The Centers for Disease Control and Prevention recently released a report that indicates that one in four American homes are now using wireless phones exclusively, rather than depending on the traditional landlines. In fact, the number is eight times what is was six years and varies over state and region. For instance, families in the Northeast are using wireless phones exclusively less than other states.

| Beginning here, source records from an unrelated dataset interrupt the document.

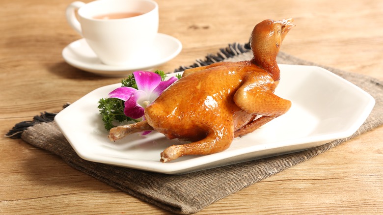 Squab can be broken down, or kept whole and grilled. It can also be stuffed, roasted, braised, or sautéed. Chinese deep-fried squab, Zha Bok Gop, is famous around Chinese New Year Celebrations and holidays. This preparation method involves removing the internal organs and de-clawing the bird, but leaving the legs, tail, and head intact. The bird is then simmered in a broth, coated in a maltose and vinegar seasoning, dried, and deep-fried.
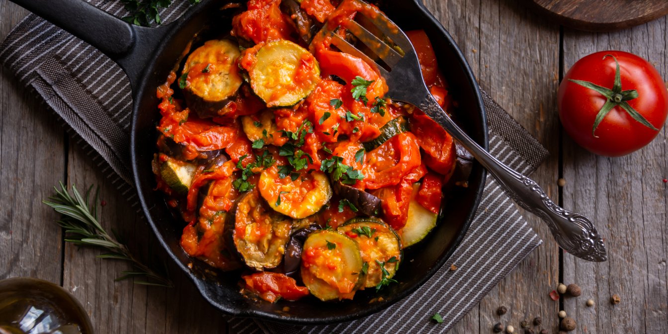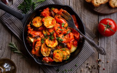 Під час приготування овочевий мікс набуває густої консистенції, а смаки з’єднуються разом в довершеній гармонії. Ключ до багатого смаку також лежить у краплі бальзамічного оцту, яка додає тушкованим овочам нотку пікантності. Це рагу не боїться приправ, тому ми радимо додати розмарин і трохи часнику.
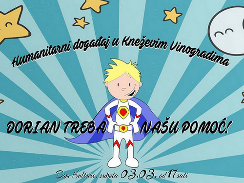 U Domu kulture u Kneževim Vinogradima organizira se izložba fotografija petorice baranjskih autora u svrhu skupljanja financijske pomoći za malog Doriana. Osim fotografija, na aukciji će biti ponuđene i dvije skulpture od papira umjetnika iz Osijeka i set 4 DVD-a nogometnih driblinga iz Lugana (Švicarske), te ćete moći degustirati baranjska vina, suhomesnate proizvode i kolače i donirati sredstva za pomoć. Tijekom cijelog događaja moći ćete uživati u nastupima H&M, BestMan Band. Svi ste pozvani 3.3. (subota) da sudjelujete u ovoj humanitarnoj akciji i da ujedinjenim snagama pomognemo Dorianu pobijediti u ovoj teškoj bitci!
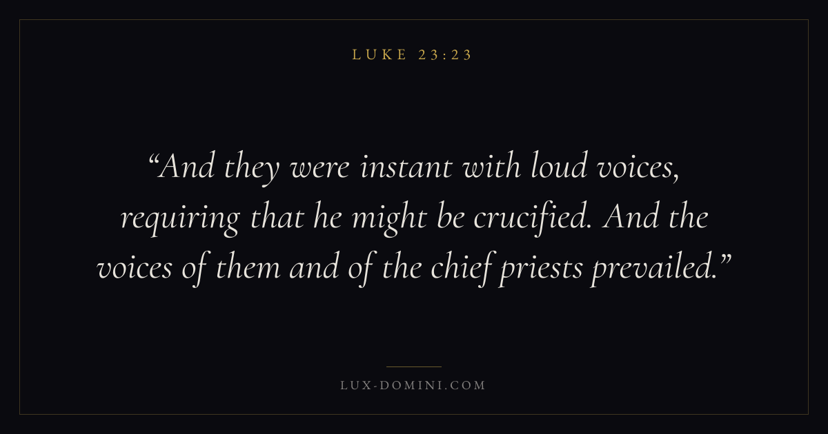 And they were instant with loud voices, requiring that he might be crucified. And the voices of them and of the chief priests prevailed.
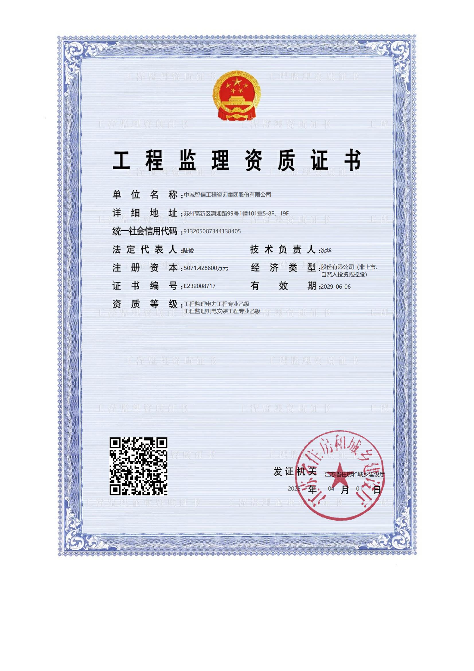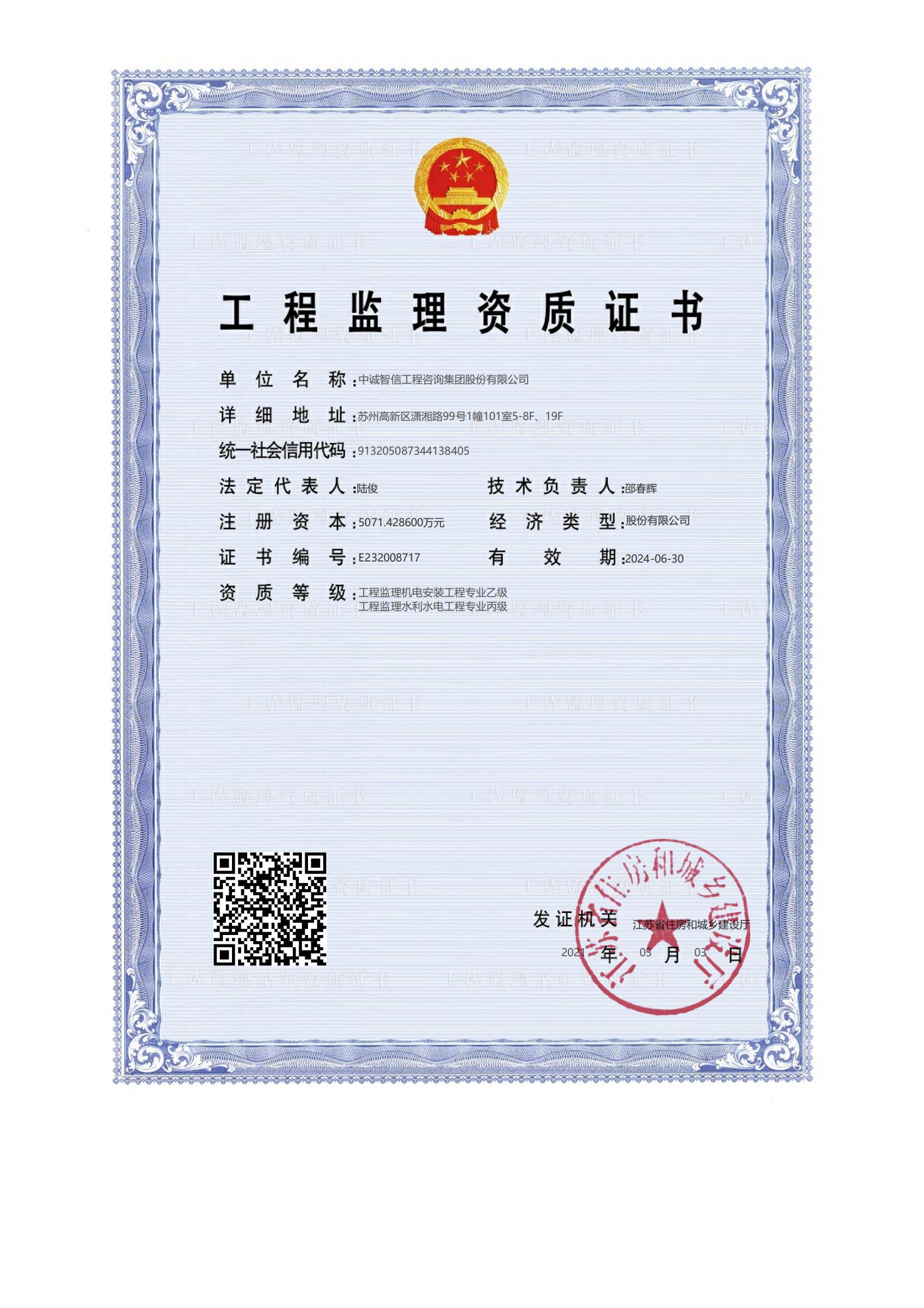 工程监理资质证书

As a frame of reference, only about 13 percent of homes are exclusively using landlines. There are many reasons for this switch. Many people use wireless phones because of the array of easy-to-use features, including voicemail, call forwarding, and texting, which don’t automatically come with landlines. In addition, cell phones are obviously mobile and have affordable long-distance calling plans. The change to the exclusive use of cell phones probably stems from the convenience of just having to use or call just one number, rather than switching from phone to phone. Furthermore, cell phones and numbers can be easily transferred or moved, whereas landlines do not have the ease of this option. One can easily switch one’s cell phone on and off, depending on whether they want to receive calls and each member of the family can have their own phone to communicate with. Traditionally, multiple land lines would have to be purchased, upping cost and inconvenience.

Cell phones, especially smart phones, offer even more options that traditional land lines do not, including access to the internet and email, a variety of apps and instant messaging, condensing communication techniques.